While defendant recognizes that the crimes inquired into were
admissible under Rule 609 of the North Carolina Rules of Evidence,
defendant contends these prior convictions do not bear on
defendant's truthfulness, and the trial court erred in instructing
the jury to consider such. Defendant's argument is flawed for two
reasons. First, the trial court did not instruct the jury to consider
the prior convictions as bearing on defendant's truthfulness. The
trial court's instruction explicitly left to the jury the
determination of whether the prior convictions bore on defendant's
truthfulness. Moreover, the instruction made clear that if the
jury determined the prior convictions bore on defendant's
truthfulness, the jury could consider the prior convictions solely
for the purpose of impeaching the credibility of defendant's
testimony. Finally, the trial court instructed that, even if the
prior convictions by defendant bore on his credibility, the jury
was instructed to consider the other facts and circumstances in
deciding whether defendant's testimony was credible. Past crimes
were not evidence of guilt on the present charge and, more
importantly, the jury could not convict defendant on that basis.
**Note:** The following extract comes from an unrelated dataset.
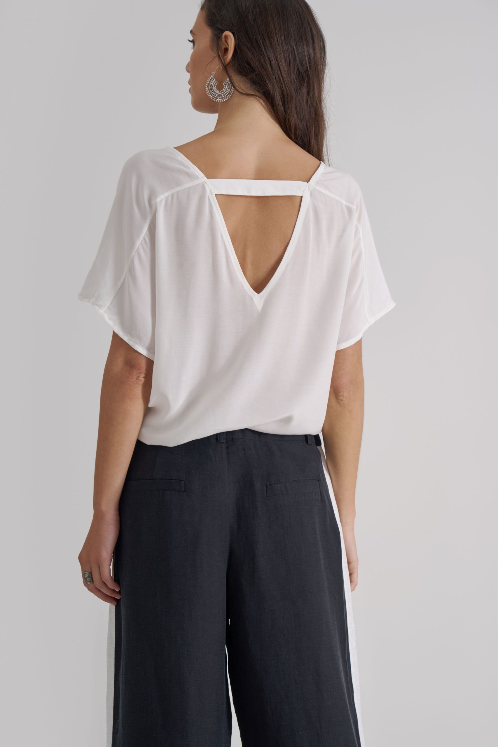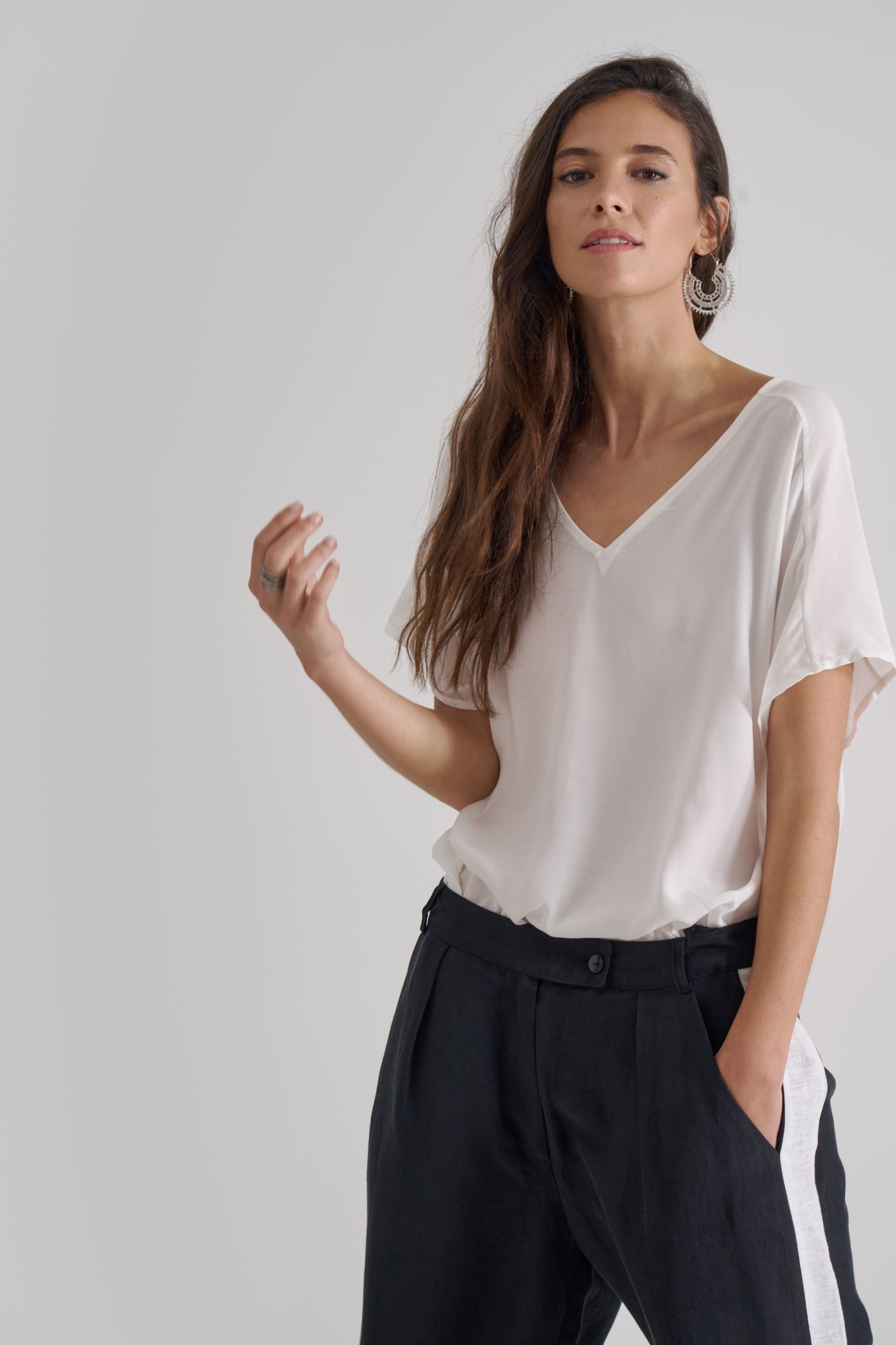 Pairs well with the AMEL matching blazer for a sophisticated look, or worn down with a cool graphic t-shirt or lightweight buttondown shirt with open collar and rolled up sleeves.
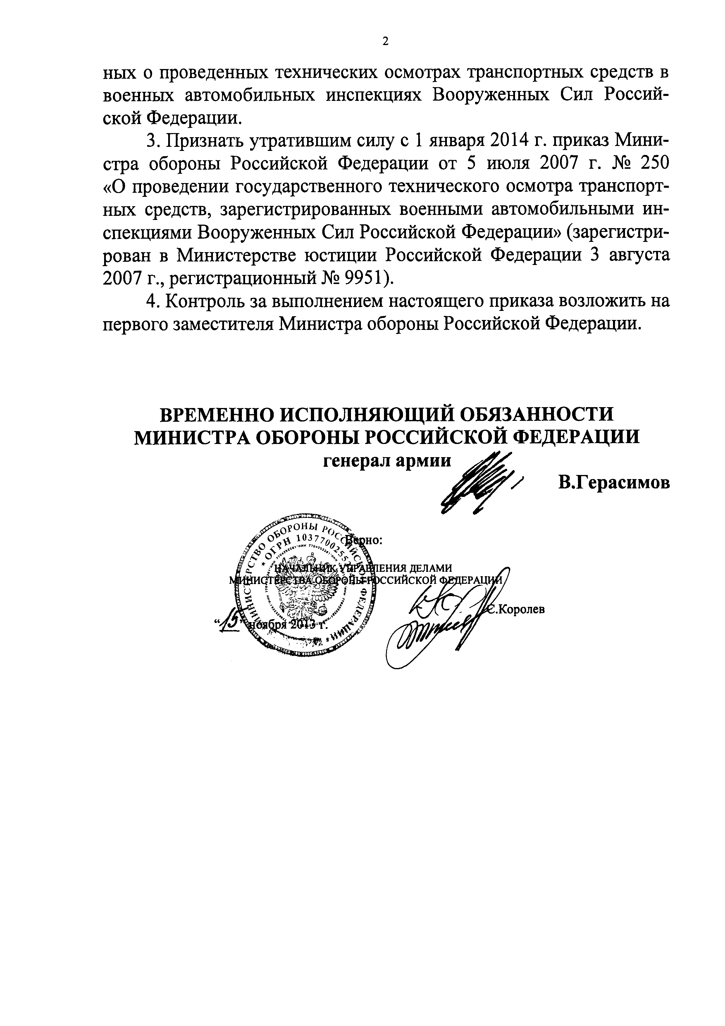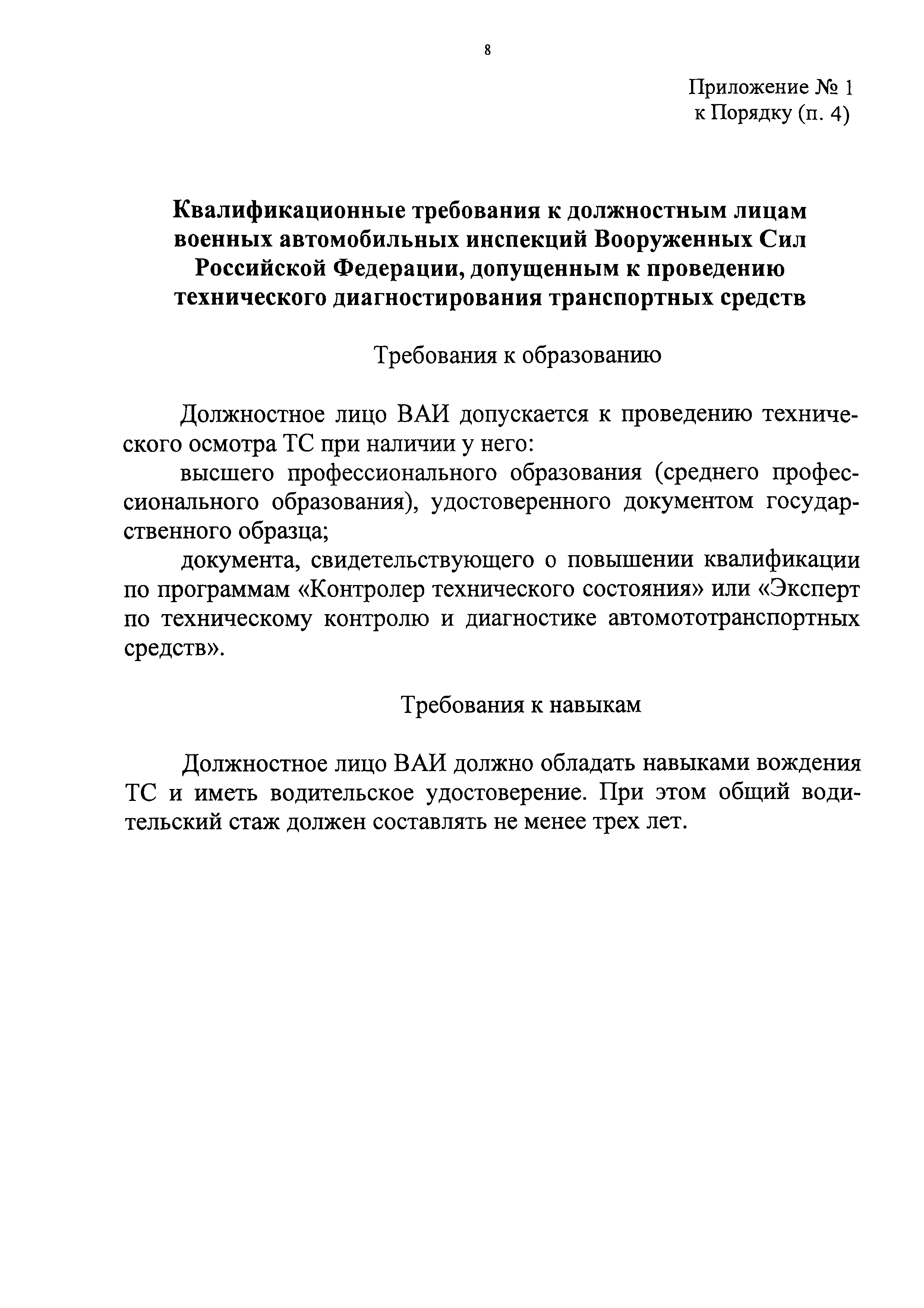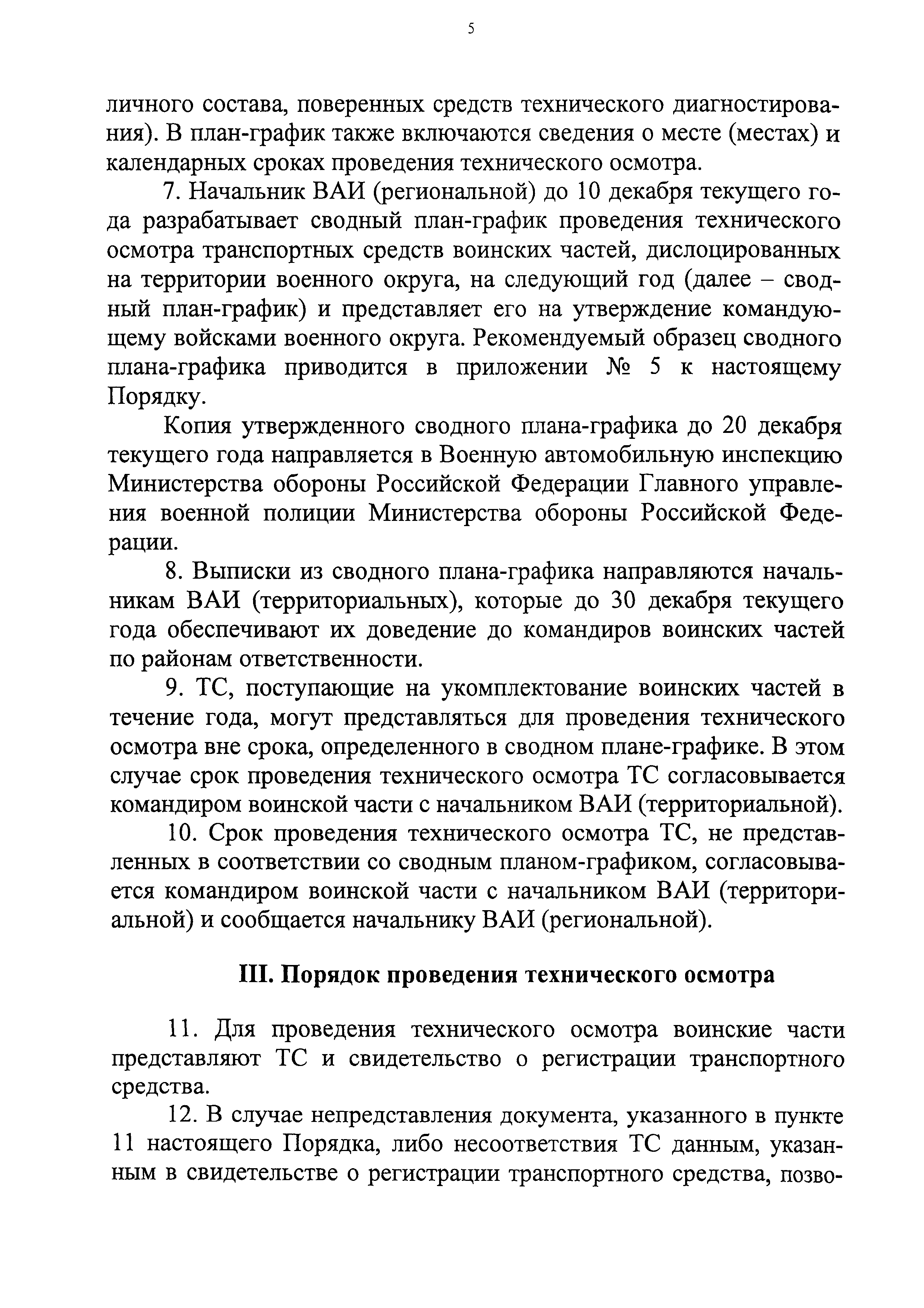 Порядок проведения технического осмотра транспортных средств, зарегистрированных военными автомобильными инспекциями Вооруженных Сил Российской Федерации| Статус: | действует | | Название рус.: | Порядок проведения технического осмотра транспортных средств, зарегистрированных военными автомобильными инспекциями Вооруженных Сил Российской Федерации | | Дата добавления в базу: | 05.05.2017 | | Дата актуализации: | 01.01.2021 | | Дата введения: | 10.01.2014 | | Область применения: | Порядок устанавливает требования по организации и проведению в Вооруженных Силах Российской Федерации технического осмотра транспортных средств, тракторов, самоходных дорожно-строительных и иных машин воинских частей и организаций Вооруженных Сил Российской Федерации, зарегистрированных военными автомобильными инспекциями Вооруженных Сил Российской Федерации | | Оглавление: | I. Общие положения II. Мероприятия по организации и планированию технического осмотра III. Порядок проведения технического осмотра IV. Оформление результатов технического осмотра Приложение № 1. Квалификационные требования к должностным лицам военных автомобильных инспекций Вооруженных Сил Российской Федерации, допущенным к проведению технического диагностирования транспортных средств Приложение № 2. Перечень средств технического диагностирования, используемых при проведении технического осмотра транспортных средств Приложение № 3. Заявка на проведение технического осмотра транспортных средств войсковой части Приложение № 4. План-график проведения технического осмотра транспортных средств воинских частей в районе ответственности ВАИ (территориальной) Приложение № 5. Сводный план-график проведения технического осмотра транспортных средств воинских частей, дислоцированных на территории военного округа | | Утверждён: | 14.11.2013 Министр обороны Российской Федерации (820)

Second, the instruction given by the trial court correctly
sets forth the law in North Carolina. For the purpose of attacking
the credibility of a witness, evidence that the witness has been
convicted of a felony, or of a Class A1, Class 1, or Class 2
misdemeanor, shall be admitted if elicited from the witness or
established by public record during cross-examination or
thereafter. N.C. Gen. Stat. § 8C-1, Rule 609(a) (2001). As the
commentary indicates, the practice in North Carolina, which permits
inquiry into any sort of criminal offense for the purpose of
attacking credibility[,] stands in contradistinction to its
federal counterpart, which only allows evidence of convictions of
a crime involving dishonesty or a false statement to be used toattack a witness' credibility. Commentary, N.C. Gen. Stat. § 8C-1,
Rule 609 (2001). See also State v. Ross, 329 N.C. 108, 119, 405
S.E.2d 158, 164 (1991) (recognizing North Carolina's version of
Rule 609 to be more permissive than its federal counterpart). This
assignment of error is overruled.
Defendant's remaining assignment of error has been abandoned.
N.C.R. App. P. 28(b)(6) (2003).
In sum, as to the common law robbery conviction and sentence
of fourteen to seventeen months, we find no error; however, we
vacate the portion of the judgment awarding $500.00 in restitution
and remand for proceedings not inconsistent with this opinion.
No error in part, vacated and remanded in part.
Chief Judge EAGLES and Judge HUNTER concur.